Enterobacter hormaechei

Scientific classification
- Domain: Bacteria
- Kingdom: Pseudomonadati
- Phylum: Pseudomonadota
- Class: Gammaproteobacteria
- Order: Enterobacterales
- Family: Enterobacteriaceae
- Genus: Enterobacter
- Species: E. hormaechei
- Binomial name: Enterobacter hormaechei O'Hara et al. 1990

= Enterobacter hormaechei =

- Genus: Enterobacter
- Species: hormaechei
- Authority: O'Hara et al. 1990

Species of bacterium

Enterobacter hormaechei is Gram-negative bacterial species in the family Enterobacteriaceae and a member of the Enterobacter cloacae complex. It is an opportunistic pathogen associated mainly with healthcare-associated infections, particularly in hospitalized or immunocompromised patients.

== Taxonomy ==
Enterobacter hormaechei was first described in 1989 and was originally known as Enteric Group 75. The type strain is ATCC 49162. The species was named after Estenio Hormaeche, a microbiologist from Uruguay.

Enterobacter hormaechei is part of the Enterobacter cloacae complex. This complex includes several closely related Enterobacter species that can be hard to tell apart using standard laboratory tests.

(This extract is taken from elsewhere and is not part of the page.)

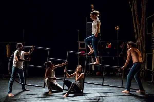 Au plateau, cinq acrobates et un musicien. A leurs côtés,une marelle métallique, objet populaire, support de règles strictes,mais faites pour être contournées. Pour jouer, il faut s’engager physiquement, être réactif. La marelle permet de s’arracher à la lourdeur d’un corps en transformation, se dépasser et trouver son propre langage gestuel. Leurs performances, entre acrobaties et danses, parlent de la jeunesse et plus particulièrement de l’adolescence.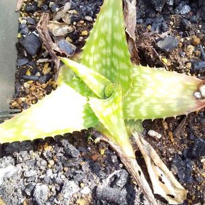 我が家の多肉の中でトップクラスのひねくれ者。 アロエ ティキタヒ。 冬をベランダ出しっぱなしで越せた子。 防寒対策はしていなかったが、夏からずっと設置していた遮光ネット下にいたのが少し影響があったのかどうか。遮光ネット下の多肉たちはほぼほぼ無事だった。 この腰が曲がったのを起き上がらせたいけど、木質化してきているから上向きになるように植え直せば良いかなと思いながら見ていたら、離れたところに子株? 違うアロエの発芽? 土が乾いていそうだし、近々植え直しのついでに子株(根)のチェックしてみるか。

Several subspecies have been described, including E. hormaechei subsp. hormaechei, oharae, steigerwaltii, hoffmannii, and xiangfangensis.

== Characteristics ==
Enterobacter hormaechei is a Gram-negative, oxidase-negative, fermentative, non-pigmented rod-shaped bacterium with the general characteristics of the family Enterobacteriaceae and the genus Enterobacter.

== Clinical significance ==
Enterobacter hormaechei is an opportunistic pathogen associated mainly with healthcare-associated infections. It has been isolated from clinical specimens including blood, sputum, urine, bile, stool, wounds, and other body sites. Reported infections include bacteraemia, pneumonia, urinary tract infections, biliary tract infections, colitis, and cellulitis.

Antimicrobial resistance is a major concern in E. hormaechei. Resistant isolates producing extended-spectrum β-lactamases, AmpC β-lactamases, and carbapenemases have been reported in several countries. Whole-genome sequencing has improved the identification of E. hormaechei within the Enterobacter cloacae complex and has helped clarify its role in multidrug-resistant hospital-associated infections.

Carbapenem-resistant strains of E. hormaechei have been implicated in healthcare-associated outbreaks. In 2026, a multicountry outbreak of E. hormaechei sequence type 1344 carrying bla_{NDM-5} was reported in the European Union and European Economic Area. The outbreak involved 57 cases detected between March 2025 and April 2026 in seven EU/EEA countries; many patients were hospitalized, and the source had not been identified at the time of publication.